In a way, the IMF is just catching with the share markets, which adjusted their outlook in May and June and are now back in optimism mode. Last night, for example, Wall Street stocks ignored the IMF’s forecast adjustment and went up another 0.7 per cent.
The S&P 500 has now rallied 5 per cent in three weeks, the Vix index of volatility has collapsed again after its annual mid-year spike and the Australian dollar touched US92 cents again last night (although it probably hasn’t stopped falling just yet).
So who’s right, the markets or the IMF? Well, share traders tend to forecast about three out of every two economic recoveries and two out of every three recessions. Economists go the other way around (economics is not called the dismal science for nothing).
And although the IMF has lowered its forecasts, it’s still forecasting reasonable growth next year, in China (7.7 per cent), the US (2.7 per cent) and the world (3.8 per cent).
Australia, as usual, will be somewhere in the middle. As discussed last week, this country goes into 2014 with the lowest interest rates in 50 years (probably even lower by then) and a 12 per cent currency depreciation, so far.
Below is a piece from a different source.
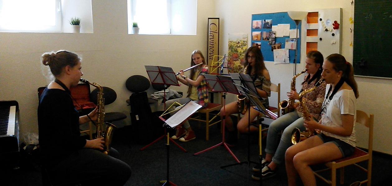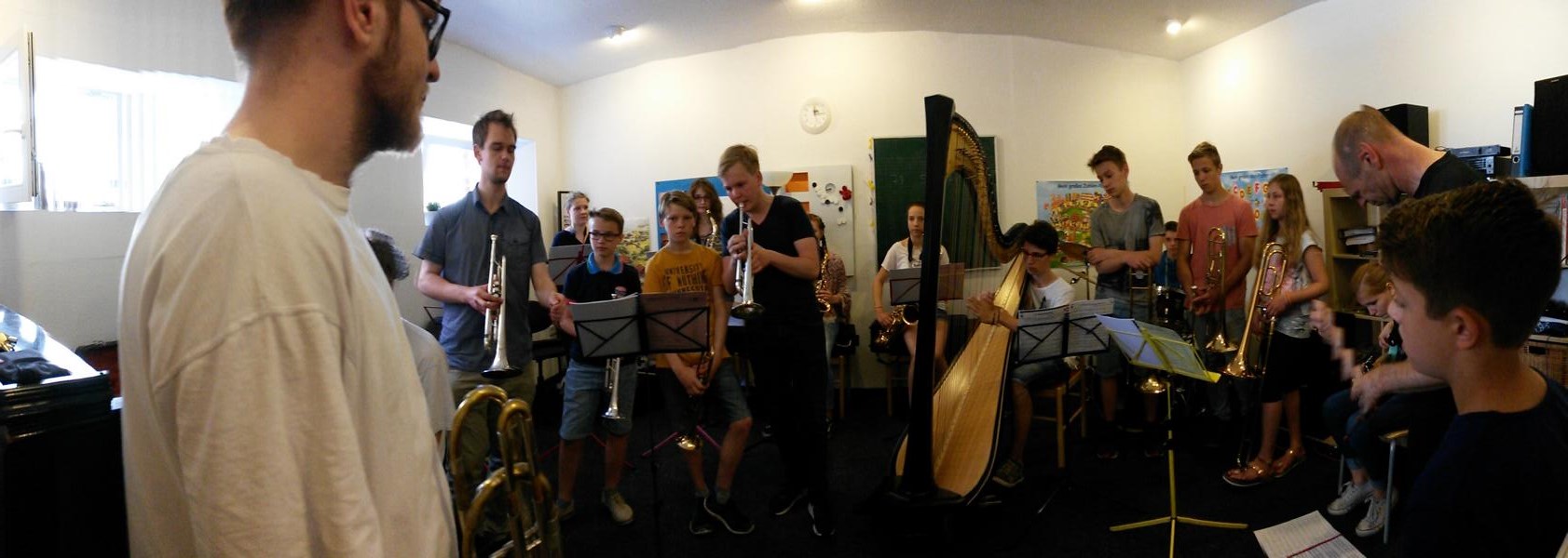 Angesprochen waren Jugendliche, Jazz-Einsteiger und Fortgeschrittene Bigband-SpielerInnen. Auf dem Programm standen Grundlagen der Improvisation, Bluesschema, Swing-Feeling, Skalen und Improvisation für die Fortgeschrittenen, sowie das musizieren in der Combo mit Solospiel zum Abschluss.

As Reserve Bank Governor Glenn Stevens pointed out in a speech last week, non-mining business investment looks poised to pick up, as does housing investment, after being low for “an unusually long period”.
In general, his speech was a bit of a pep talk, in his usual understated way: “we have a better starting point going into this episode than we might have had, or than we have had on other occasions.” The main reasons for that are low inflation, low debt and no asset price boom – some of which is due to the strength of the Australian dollar.
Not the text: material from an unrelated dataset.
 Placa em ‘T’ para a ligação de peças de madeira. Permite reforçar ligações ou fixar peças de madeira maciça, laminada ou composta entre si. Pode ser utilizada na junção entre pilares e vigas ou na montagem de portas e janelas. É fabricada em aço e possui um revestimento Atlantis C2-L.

Yesterday’s big fall in the NAB business conditions survey for June – back to 2009 levels – was surprising considering that the dollar had been falling since early April which should be flowing through to improved conditions by now.
But business confidence improved slightly, and Roy Morgan’s measure of consumer confidence improved a lot.
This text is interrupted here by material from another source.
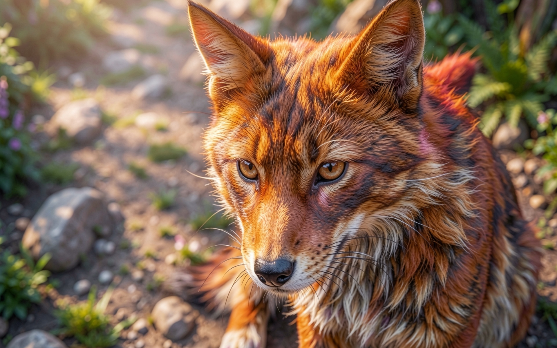Рыжая лиса в солнечном лесном пейзаже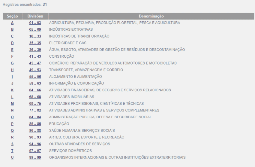 Essa classificação é formada por uma sequência de 7 números que representam a Seção, a Divisão, o Grupo, a Classe e a SubClasse da empresa.

As Glenn Stevens said last week: “much depends on ‘confidence’ – that intangible thing that is hard to measure and very hard to increase. We are talking here about confidence that the future will be characterised by growth, that there will be customers for products, that innovations are worth a try, and so on. That confidence seems pretty subdued right now.”
According to the Roy Morgan surveys, which interview a lot more people than the NAB one, both business and consumer confidence have dipped between April and June this year but looked at over the longer term – from mid-2011 – they are both gradually trending higher.
Looking ahead, this Christmas seems likely to be characterised by low interest rates, lower currency, a definite election result rather than a hung parliament (hopefully) and a stronger housing market. Europe seems to have bottomed, the US economy is coming back and so is Japan’s, thanks in both cases to extraordinary monetary stimulus.
Against that the news out of China could be troubling, as that country grapples with its high debt, economic imbalances and slower growth.
And Australia? Well to quote Gerry Rafferty: “Clowns to the left, jokers to the right – here I am, stuck in the middle with you.”